Microfinance, which primarily aiming at the low income, special groups and micro businesses, is a special financial service system. MFIs (micro finance institutions) are small sizes, flexible and convenient, and they have got successful development in some countries and regions. For example, the Grameen Bank of Bangladesh helped large numbers of poor groups through the promotion of microfinance business in rural areas. It reduced the default risk and transaction costs with the help of the internal group supervision, thereby reducing cost of bank supervision. In fact, MFIs’ operation can effectively alleviate the farmers’ self-rejection, marketing rejection and requirement rejection.

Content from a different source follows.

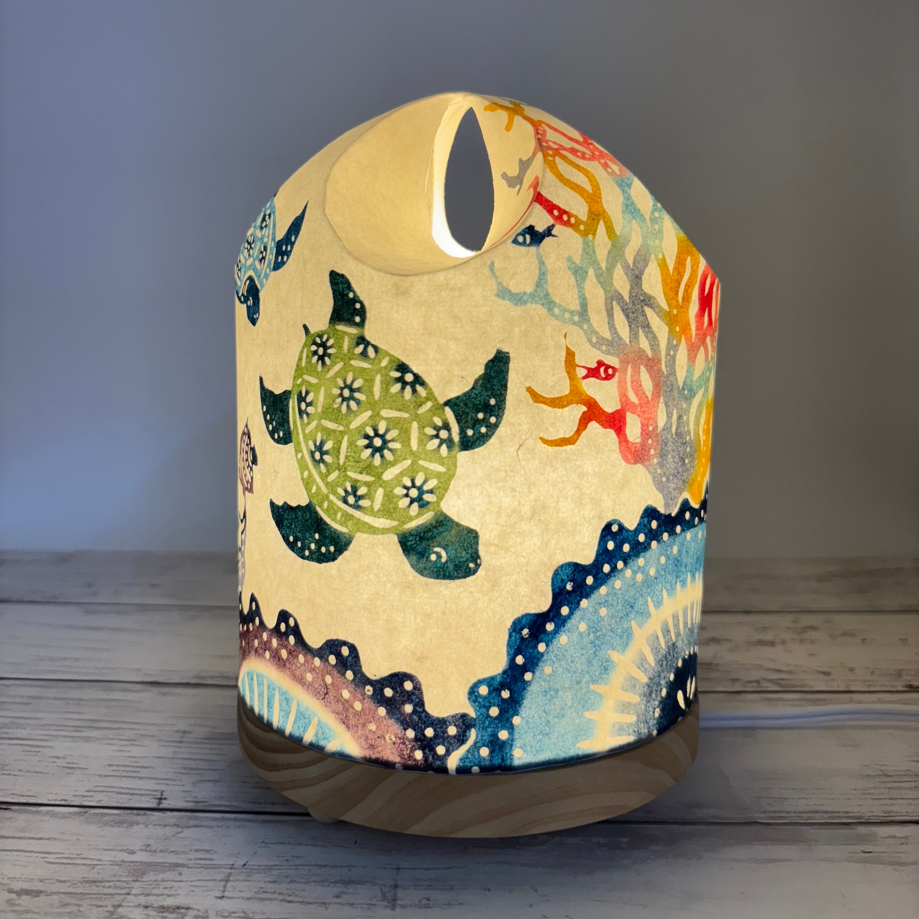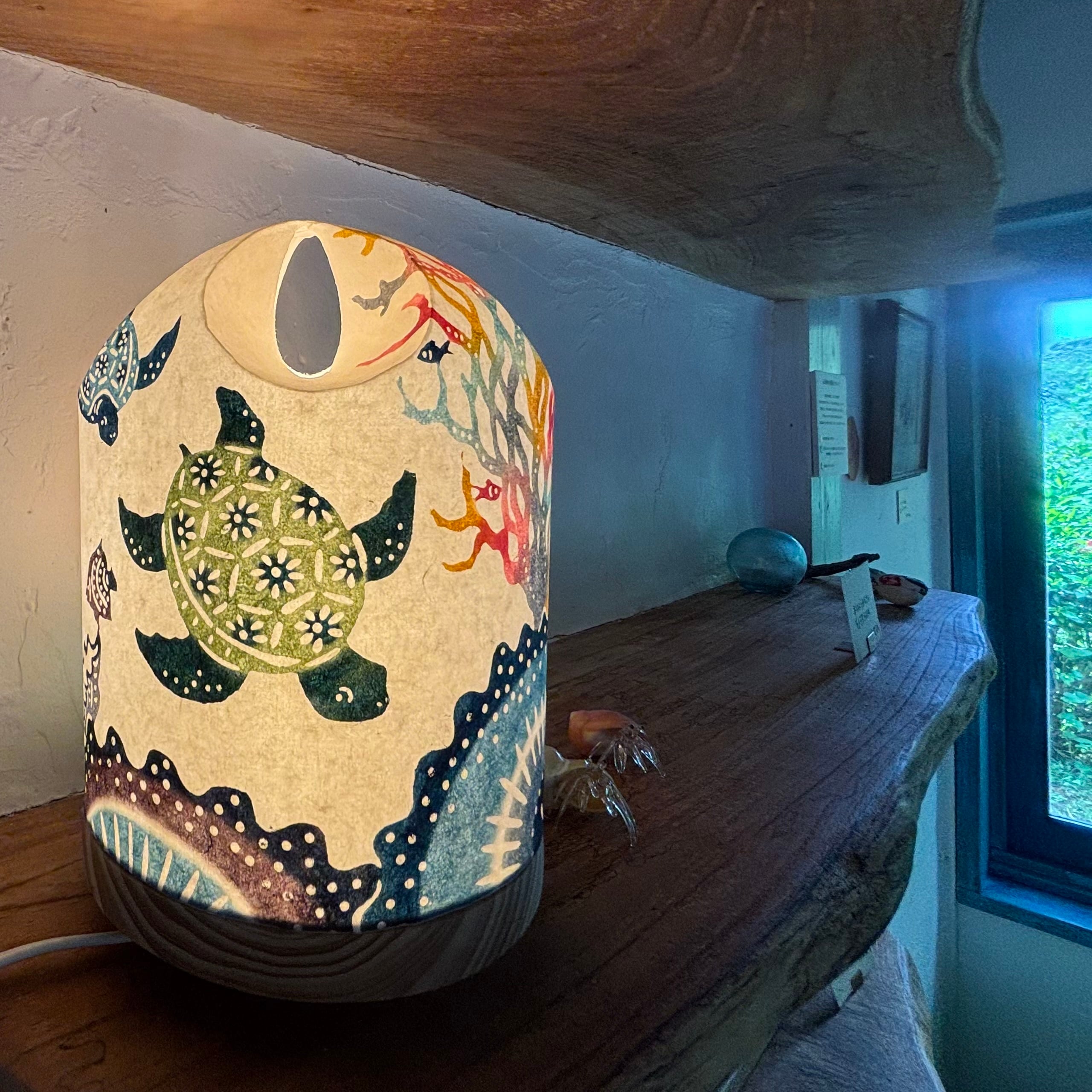 虹亀商店デザインのあかりが映し出す世界は、キラキラ光るテーブル珊瑚の海の中。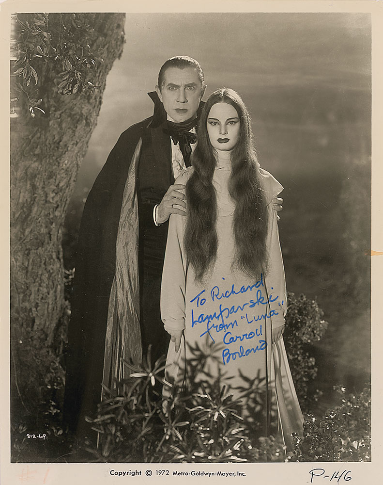 Glossy 8 x 10 MGM promotional photo for Mark of the Vampire, signed and inscribed in blue felt tip, “To Richard Lamparski, from ‘Luna,’ Carroll Borland.” Light corner tip creases, ink notations to lower border, and a stray ink spot to right border, otherwise fine condition. Lamparski, host of the 1960s and 1970s radio show entitled, ‘Whatever Became of…’ was best known for his wit, sarcasm, and sometimes vulgar interviews with various celebrities. Pre-certified PSA/DNA and RR Auction COA.

Therefore, it would be a good plan to develop MFIs in rural areas in China to govern financial exclusion.

4.4 Promote the Coordinated Development of the Rural Economy

To eliminate rural financial exclusion perpetual lies in the development of rural economy, improvement of economic conditions and credit conditions. In view of the vulnerability of agricultural production and disasters irresistance, on the one hand, the government should create conditions for the development of financial institutions by trying hard to adjust the economic structure in rural areas to increase not only the proportion of industry and services but also income of farmers. On the other hand, the government should establish agricultural production insurance system to compensate the risk of farmers. This system could guarantee the income of famers, increasing the availability of financial resources.

CONCLUSION

The financial exclusion is a reflection of financial and social imbalance, who rooting in the allocation of social resources. Generally, the degree of financial exclusion is usually inversed to the economic development level. Chinese rural financial exclusion’ genesis is low income of farmers and the lagging of economic development. To solve the problem would play an important role in eliminating the gap between rich and poor, coordinating economic development and promoting social justice. At present, it would be eased if we strengthen the government supervision, popularize financial knowledge, vigorously develop the MFIs and promote the coordinated development of the rural economy. In the long run, only vigorously promoting and building an inclusive financial system of urban and rural areas and ensuring that everyone can get equal financial rights, could financial exclusion and other forms of social exclusion be completely eliminate.

REFERENCES

He, D. X., & Rao, M. (2008). Analysis of the causes of the imbalanced supply and demand of Chinese rural financial market: From the perspective of financial exclusion. Comparison on Economic and Social Structure, (2), 108-114.(In Chinese).

Huang, M. (2010). The study of Chinese rural financial exclusion(Doctoral dissertation). Hunan University, Changsha, China.(In Chinese).

Leyshom, T. (1993). The restructuring of the UK financial services in the 1990s. Journal of Rural Studies, (9), 223-241.

Morrison, P. S., & O’Brien, R. (2001). Bank Branch Closures in New Zealand: The Application of a spatial interaction model. Applied Geography, (21), 301-330.

Wang, Z. J. (2007). Financial exclusion: British experience. World Economic Study, (2), 64-67. (In Chinese).

Tian, L. (2007). The factors affecting regional financial exclusion difference in China. Journal of Finance and Economics, (4), 107-119. (In Chinese).